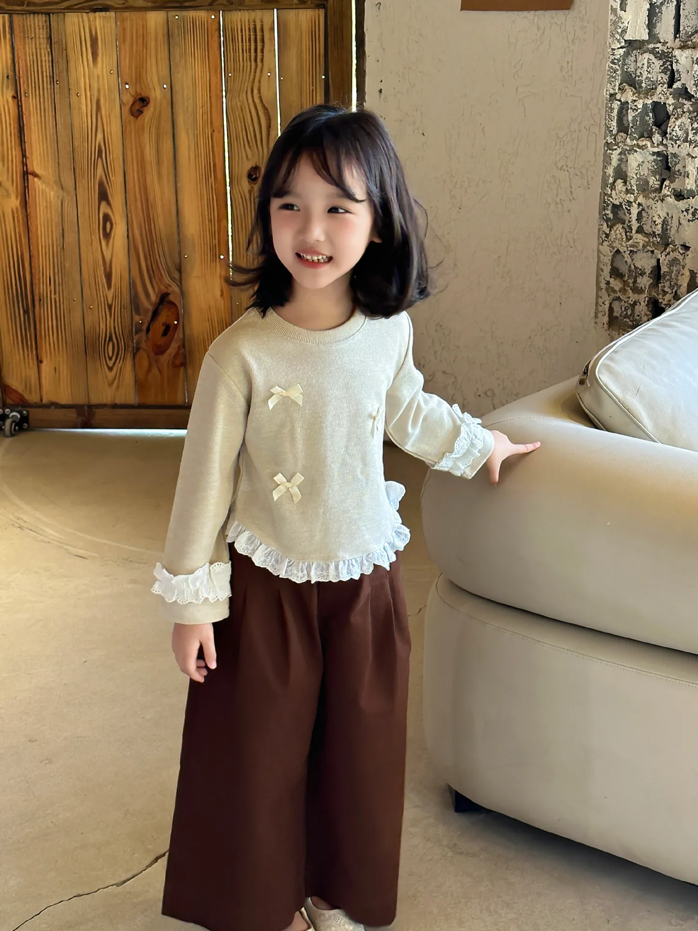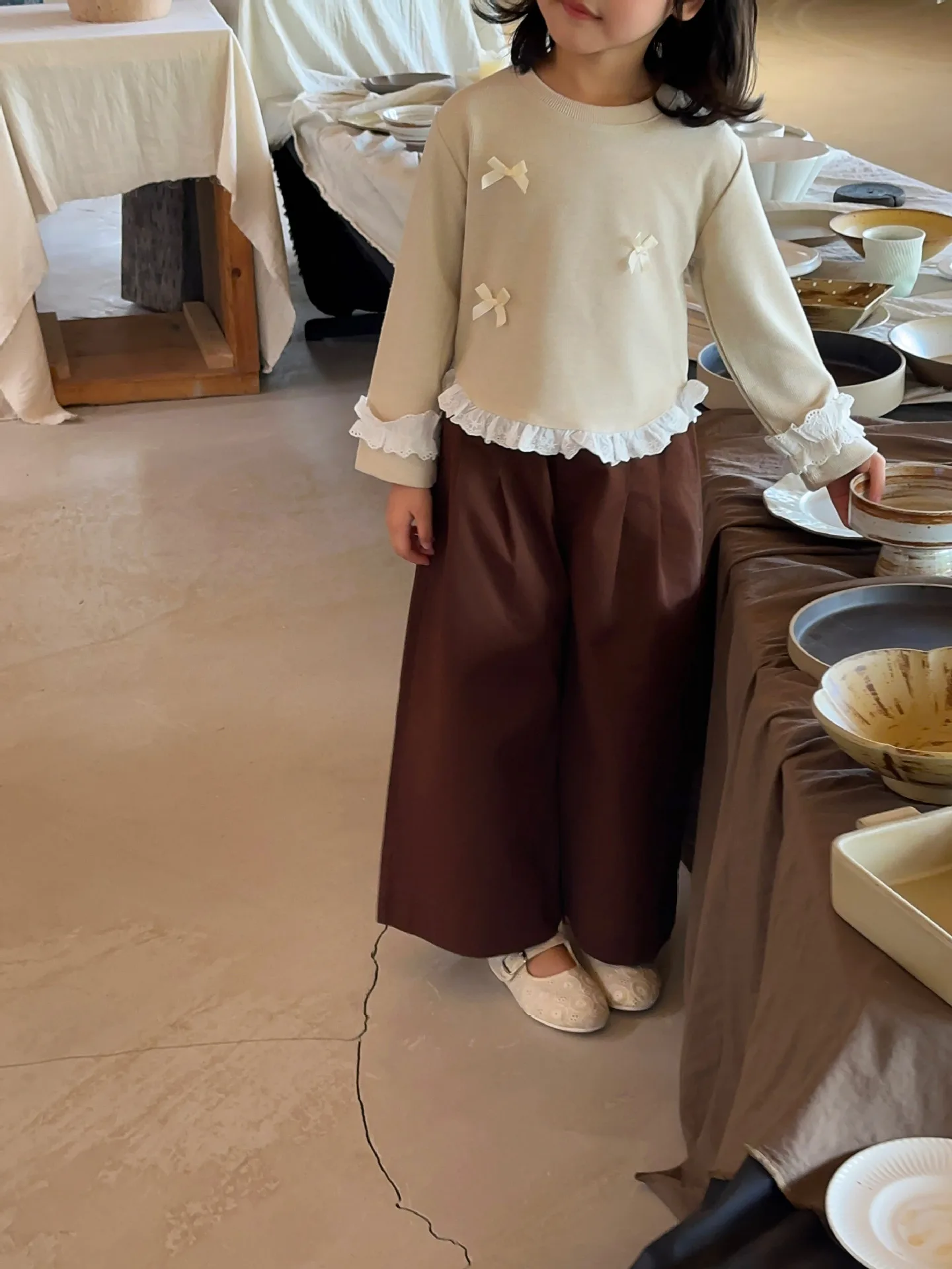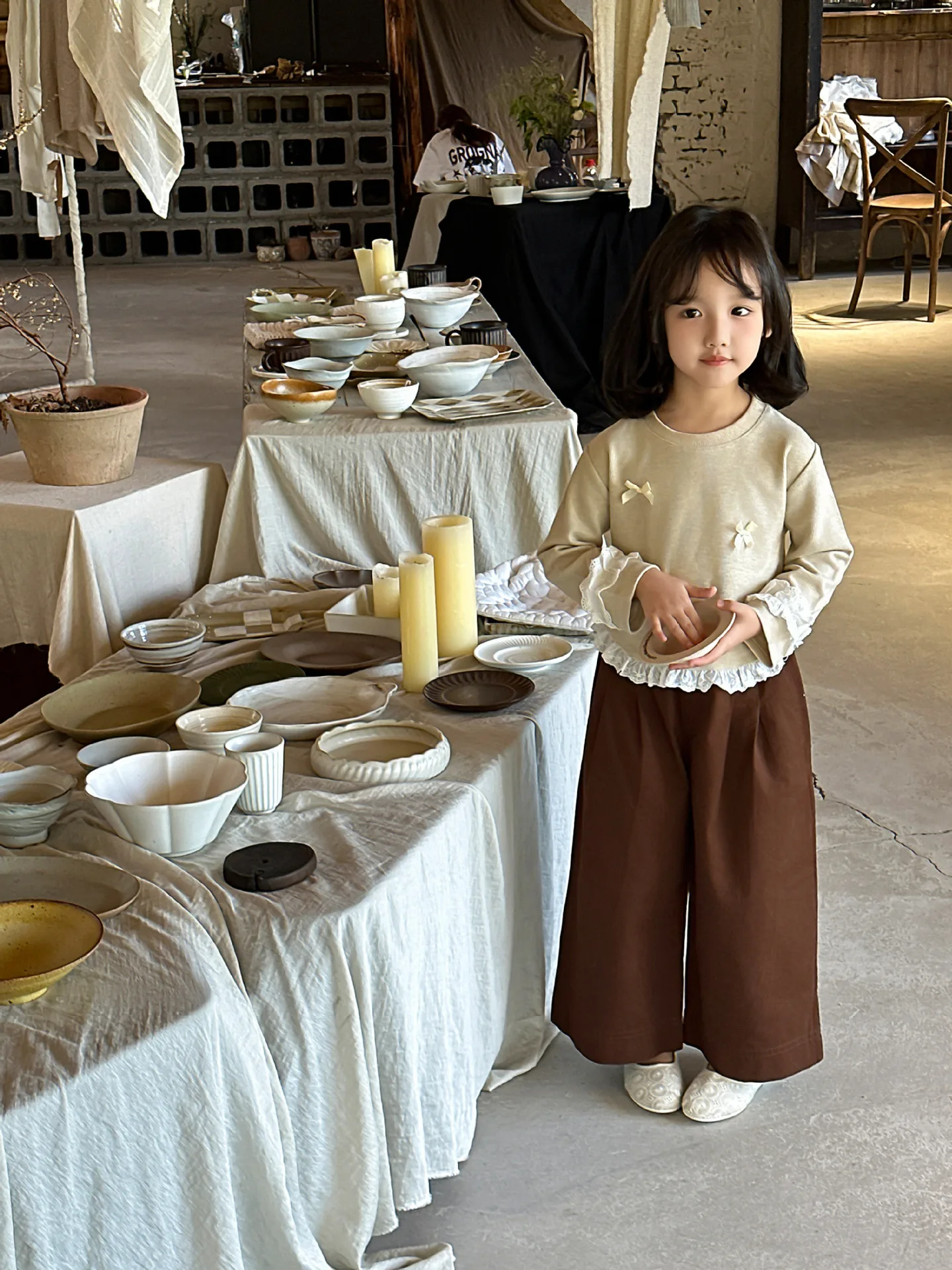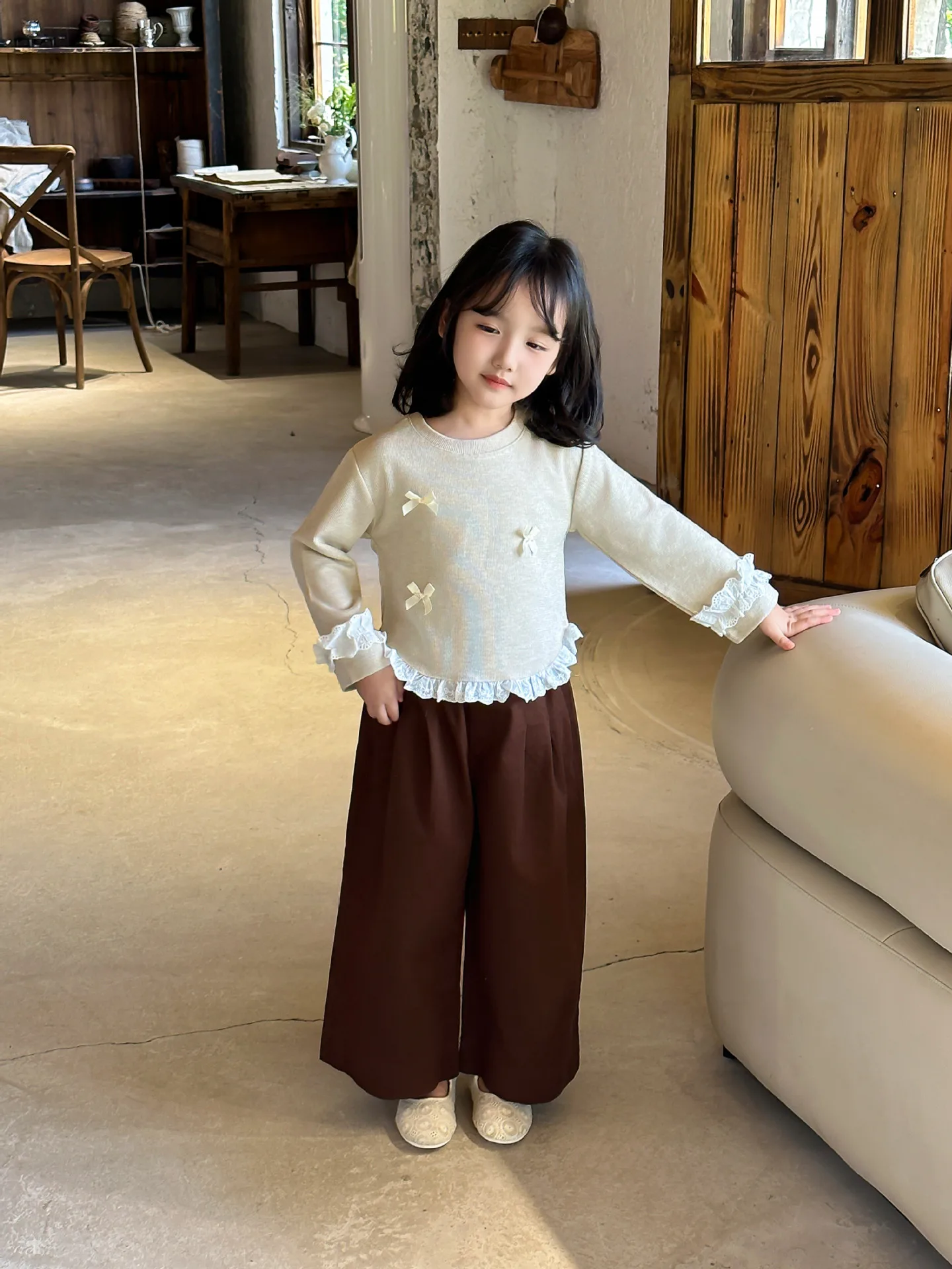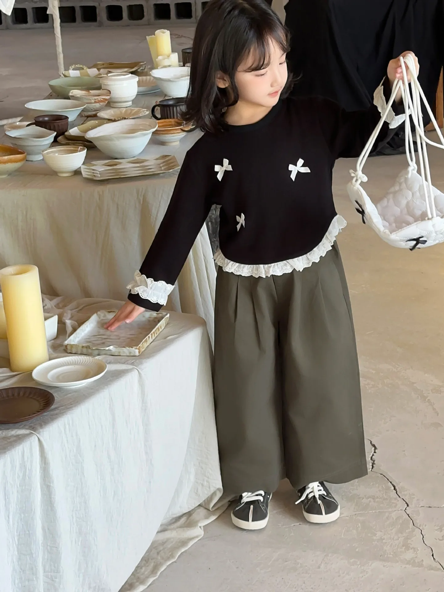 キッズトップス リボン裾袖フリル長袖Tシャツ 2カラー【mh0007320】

---

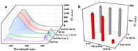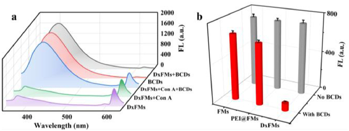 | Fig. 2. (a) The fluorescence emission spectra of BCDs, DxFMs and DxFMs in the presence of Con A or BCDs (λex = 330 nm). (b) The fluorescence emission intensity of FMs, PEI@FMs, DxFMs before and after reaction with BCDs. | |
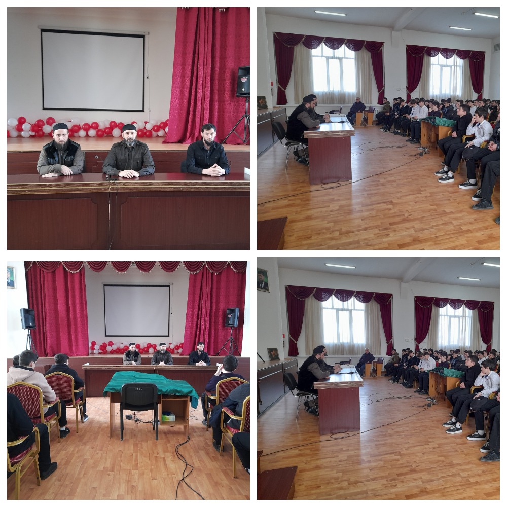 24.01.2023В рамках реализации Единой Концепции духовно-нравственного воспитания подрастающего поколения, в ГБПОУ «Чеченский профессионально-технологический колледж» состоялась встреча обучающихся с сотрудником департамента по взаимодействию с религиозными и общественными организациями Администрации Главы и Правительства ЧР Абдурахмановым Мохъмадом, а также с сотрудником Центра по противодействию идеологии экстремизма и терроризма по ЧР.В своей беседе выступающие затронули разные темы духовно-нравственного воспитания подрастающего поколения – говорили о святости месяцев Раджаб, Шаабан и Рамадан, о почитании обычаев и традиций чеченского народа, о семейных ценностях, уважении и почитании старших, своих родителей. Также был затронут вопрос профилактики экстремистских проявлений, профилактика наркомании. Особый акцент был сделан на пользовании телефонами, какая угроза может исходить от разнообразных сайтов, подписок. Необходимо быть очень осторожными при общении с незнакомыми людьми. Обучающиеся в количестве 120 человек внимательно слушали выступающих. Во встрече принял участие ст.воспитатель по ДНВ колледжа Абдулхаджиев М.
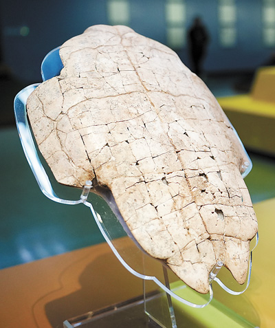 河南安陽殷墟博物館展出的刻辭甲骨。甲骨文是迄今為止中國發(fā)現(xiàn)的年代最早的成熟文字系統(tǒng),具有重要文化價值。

...

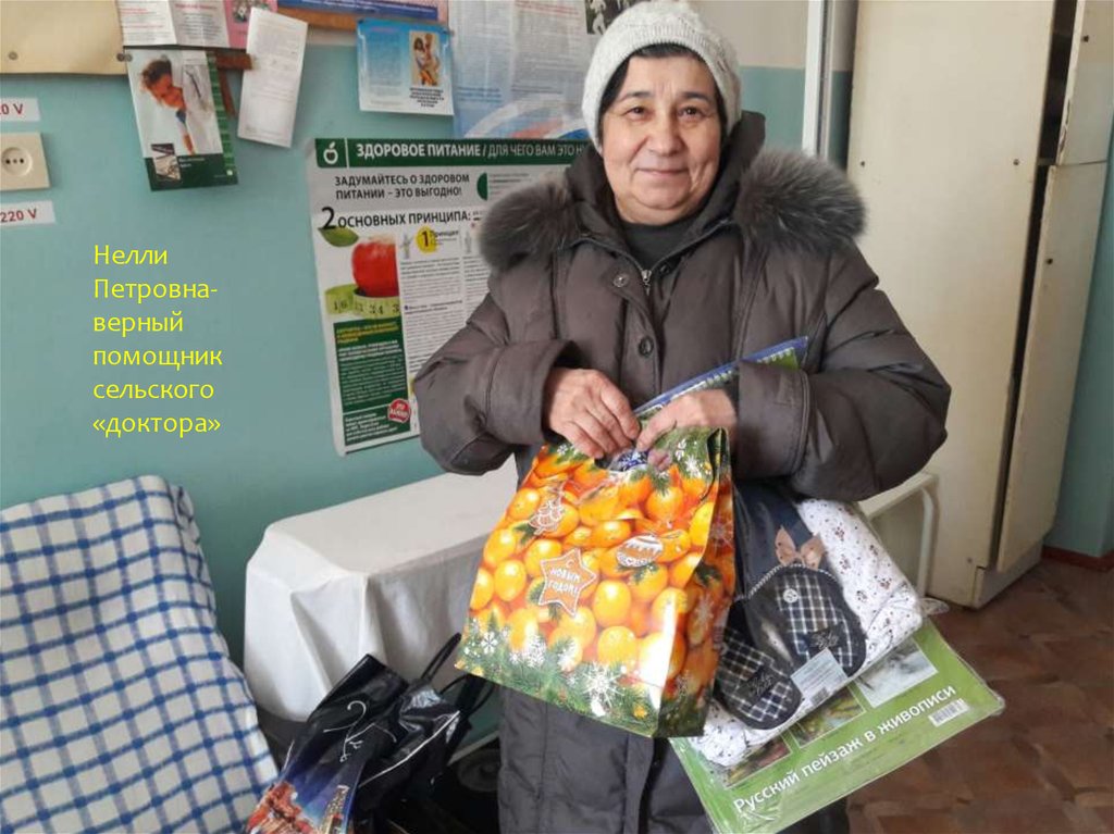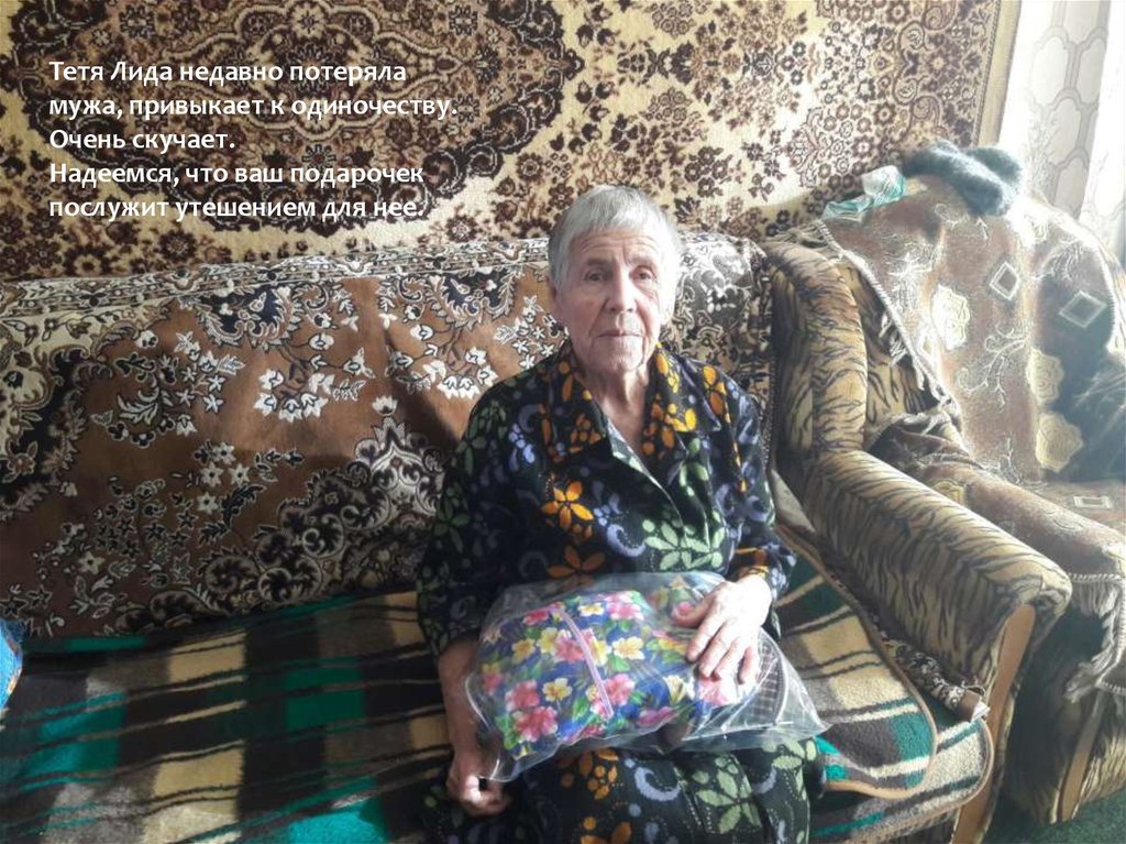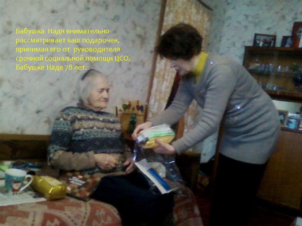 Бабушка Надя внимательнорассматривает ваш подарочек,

TASK DESCRIPTION: The answer is the lines above from the one with "with BCDs. | |" to the one with "河南安陽殷墟博物館展出的刻辭", set down exactly, with no pictures.

SOLUTION:
 | Fig. 2. (a) The fluorescence emission spectra of BCDs, DxFMs and DxFMs in the presence of Con A or BCDs (λex = 330 nm). (b) The fluorescence emission intensity of FMs, PEI@FMs, DxFMs before and after reaction with BCDs. | |
 24.01.2023В рамках реализации Единой Концепции духовно-нравственного воспитания подрастающего поколения, в ГБПОУ «Чеченский профессионально-технологический колледж» состоялась встреча обучающихся с сотрудником департамента по взаимодействию с религиозными и общественными организациями Администрации Главы и Правительства ЧР Абдурахмановым Мохъмадом, а также с сотрудником Центра по противодействию идеологии экстремизма и терроризма по ЧР.В своей беседе выступающие затронули разные темы духовно-нравственного воспитания подрастающего поколения – говорили о святости месяцев Раджаб, Шаабан и Рамадан, о почитании обычаев и традиций чеченского народа, о семейных ценностях, уважении и почитании старших, своих родителей. Также был затронут вопрос профилактики экстремистских проявлений, профилактика наркомании. Особый акцент был сделан на пользовании телефонами, какая угроза может исходить от разнообразных сайтов, подписок. Необходимо быть очень осторожными при общении с незнакомыми людьми. Обучающиеся в количестве 120 человек внимательно слушали выступающих. Во встрече принял участие ст.воспитатель по ДНВ колледжа Абдулхаджиев М.
 河南安陽殷墟博物館展出的刻辭甲骨。甲骨文是迄今為止中國發(fā)現(xiàn)的年代最早的成熟文字系統(tǒng),具有重要文化價值。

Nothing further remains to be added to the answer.